Q: Can you please explain how equity assumptions are entered into the Pro-Forma Model?
A: The Pro-Forma Model allows you to enter equity assumptions – from founder's shares to options to the typical stages of venture capital – and automatically builds and calculates a high-level Capitalization and Ownership Table as well as an Investor Return Analysis on the Summary Report.
The model allows you to enter the following equity assumptions as follows:
Founder’s equity – the number of founder’s shares for all founders combined
Pre-seed employee options – the number of all options that are granted as part of the “pre-money” valuation prior to a seed round of common equity
Seed/Angel investment – the amount of common equity investment and number of shares sold (you can enter up to three different seed rounds)
Convertible Debt - enter a convertible debt investment that automatically converts into the Series A round (see below for more details).
Post-seed employee options – the number of all options that are granted after a seed round which would dilute the seed round investors
Venture Capital Series A investment – the amount of preferred equity investment and number of shares sold and the liquidation preference multiple (the liquidation preference is automatically calculated for you in the waterfall on the Summary report)
Post-Series A employee options – the number of all options that are granted after a Series A venture capital round which would dilute the investors
Venture Capital Series B investment – the amount of preferred equity investment and number of shares sold and the liquidation preference multiple (the liquidation preference is automatically calculated for you in the waterfall on the Summary report)
Post-Series B employee options – the number of all options that are granted after a Series A venture capital round which would dilute the investors
Exit Multiple Type and Amount – in order to calculate the return analysis and waterfall, the type of exit multiple expected (Revenue or EBITDA) is selected as well as the anticipated amount of that multiple. The model will then automatically model the Enterprise Value, Equity Value, and the waterfall for the two classes of equity (Common and Preferred) as well as the management team consisting of the founders and optionees
The model is very powerful, but the inputs are quick and simple as shown below:
Note that you can also enter debt assumptions in the separate Debt section if you anticipate using debt capitalization as well (more on debt assumptions below).
Entering Convertible Debt Assumptions
Many tech startups in the U.S. raise seed capital through convertible debt. Because of the popularity of this type of venture capital investment, we built a convertible debt investment with all of its complexity into our app and greatly simplified it for you.
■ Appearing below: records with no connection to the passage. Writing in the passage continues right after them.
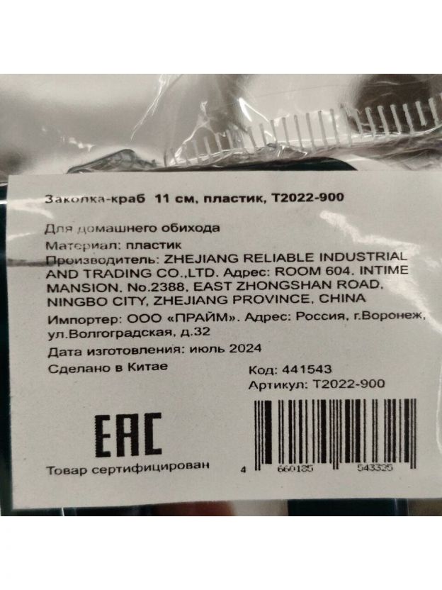 Заколка-краб для волос 11 см, пластик, T2022-900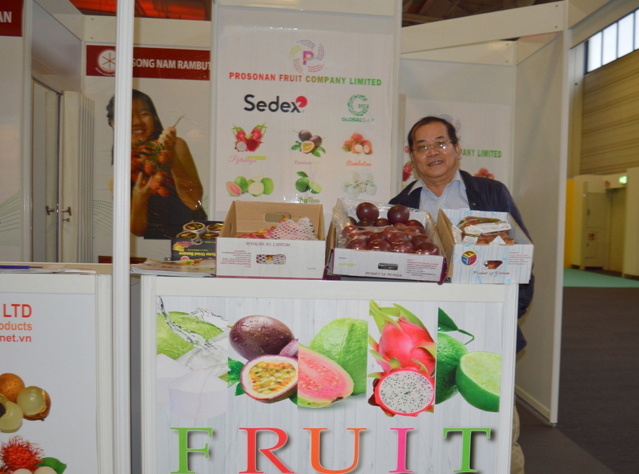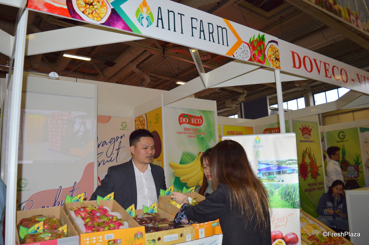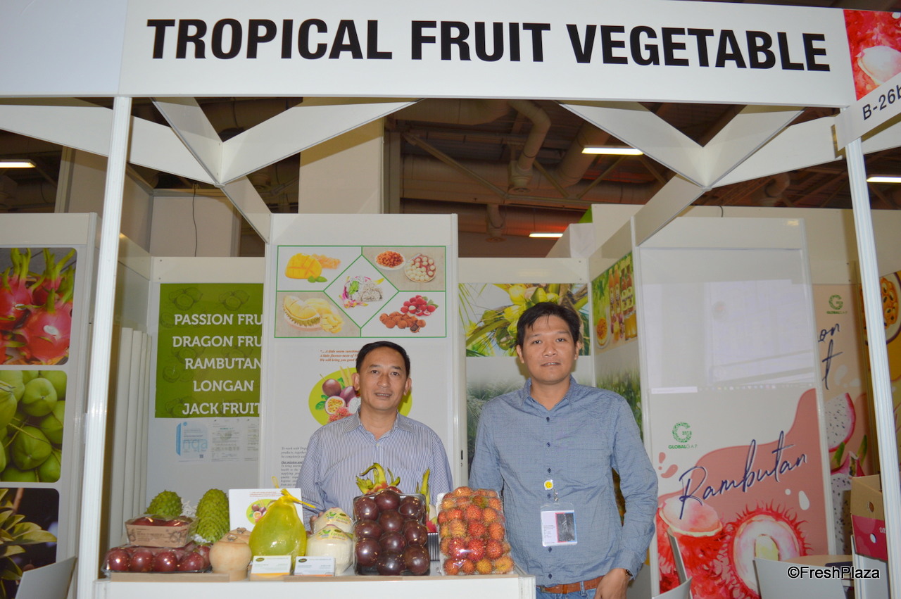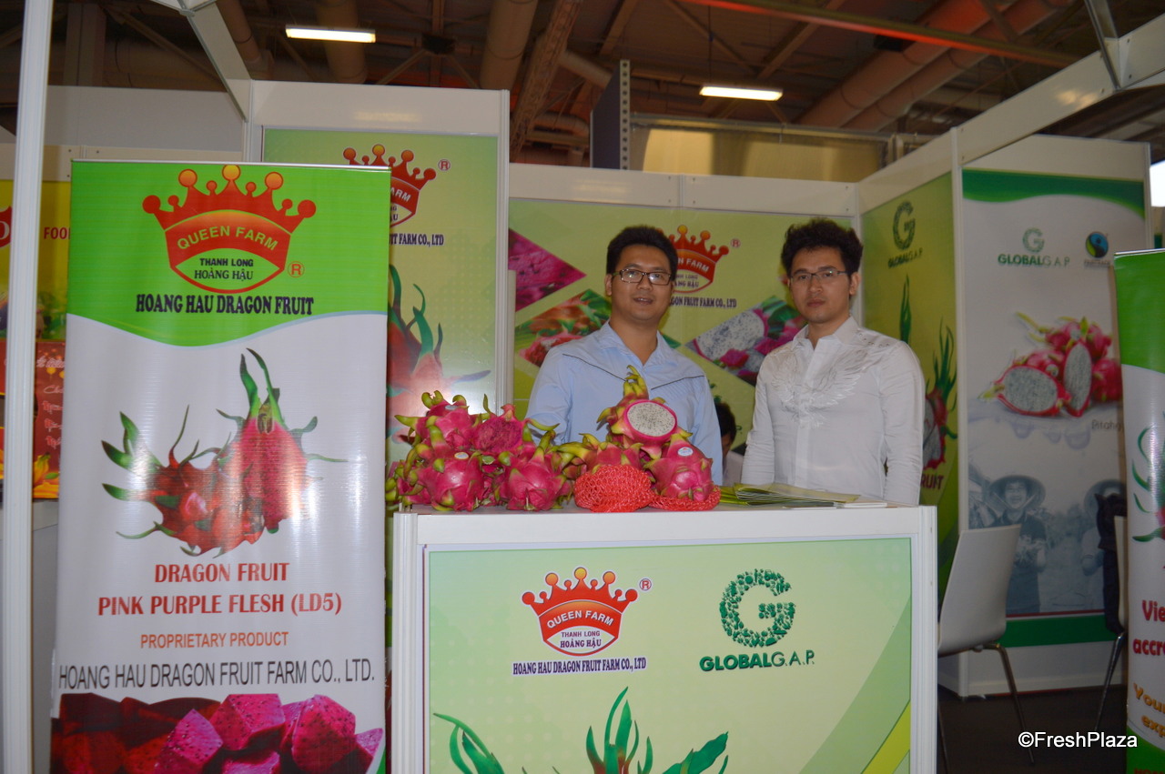 Hoang Hau Dragon Fruit Farm Co., Ltd exports a variety of fresh fruits from Vietnam, The Marketing Manager Mr Tran Ngoc Han (left) and his colleague are at the booth with their product display.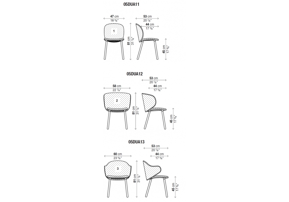 | Dimensions | 47 x 53 x H 81 cm; 58 x 53 x H 81 cm; 60 x 53 x H 81 cm. |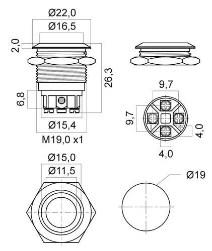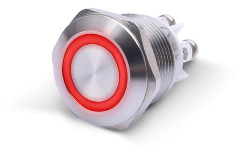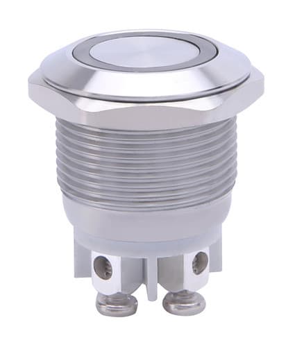 ** Caratteristiche Generali **Attuatore: Pulsante antivandaloSerie: AntivandaloForma dell'attuatore: ConvessoSerigrafia: NessunaLuminoso: siColore illuminazione: RossoTensione illuminazione: 24Vac/dcColore: MetalloMateriale attuatore: AcciaioTipi contatti: SPSTPortata: 5A@250Vac, 5A@125VacN. poli: 1Stato dei contatti: OFF/(ON) - N.A.Tipo terminale: viteN. terminali: 4Montaggio: Pannello con dadoForo fissaggio: ø19mmGrado di protezione: IP65Temperatura di lavoro: -20 / 55°C
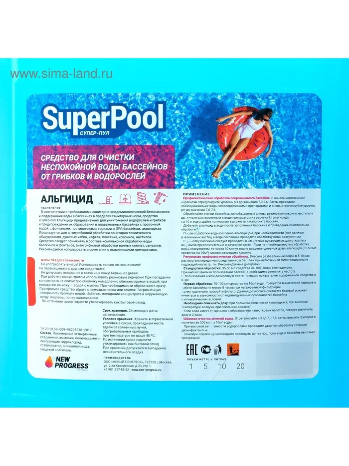 В соответствии с требованиями санитарно-эпидемиологической безопасности и поддержания воды в бассейнах в пределах санитарных норм, средство «Супер-пул Альгицид» предназначено для уничтожения водорослей и грибков и предупреждения их образования в плавательных бассейнах с проточной водой: с фонтанами, противотоками, горками, в SPA-бассейнах, аквапарках. Используется для антигрибковой обработки санитарно-технического оборудования, душевых кабин, кафеля, пластика, ковриков, настилов. Средство следует применять в составе комплексной обработки воды бассейнов и фонтанов, антигрибковой обработки ванных комнат, санузлов. Рекомендуется использовать в сочетании с окисляющими препаратами.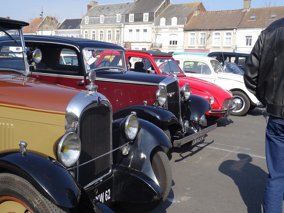 Le beau temps étant de la partie, ce furent plusieurs dizaines de voitures qui se sont stationnées sur la place d’Audruicq entre 9h00 et 12h00. Certaines ne sont restées que peu de temps et d’autres ont profité du soleil printanier toute la matinée. Le panel de voitures allait des années 20 au début des années 90, mais le plus simple, regardez les photos. La diversité était de mise.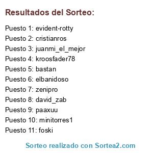 Lista de participantes: minitorres1, foski, paaxuu, evident-rotty, zenipro, juanmi_el_mejor, kroosfader78, bastan, david_zab, elbanidoso, cristianros.

All you have to do is enter the typical convertible debt terms in our easy-to-follow input form and your business plan financial model and all of its accompanying financial statements, financial ratios, cap table, pitch deck financial summary, investor return analysis, and any downloaded spreadsheets and worksheets will properly reflect everything.
Here's the input form: Note the inputs for all key convertible debt terms, such as Investment/Principal Amount, Annual Interest Rate, Disposition of the Interest Due at Conversion (paid in cash or rolled into the Series A), Conversion Discount, and/or Conversion Cap.
If you are using a SAFE (Standard Agreement for Future Equity), enter this as a Convertible Note with a 0% interest rate.
Companies are typically valued based on a Revenue multiple or EBITDA multiple, depending on the industry. This multiple will be used to calculate the investment return analysis. Research the types of exits in the industry for your business model to discern which type of valuation was used. If in doubt, we suggest an EBITDA-based multiple.
A Revenue multiple is more typical for early-stage SaaS or App businesses, while an EBITDA multiple is most typical for any more mature business models.
The actual multiple also varies significantly by industry, so it should be based upon market comparables and expressed as a multiple such as 7.0x.
Most Revenue-based multiples will be between 1x - 4x, but can be higher. Most EBITDA-based multiples will be between 4x - 10x, but can be higher as well. To arrive at the most accurate valuation estimate, research comparables for your type of business. It's better to err on the lower side when entering this value so that you stay in realistic territory when discussing with potential investors.
The debt assumptions inputs are fairly simple. You can enter up to five tranches of debt, with the appropriate down payment percentage, interest rate, and number of months for all of them.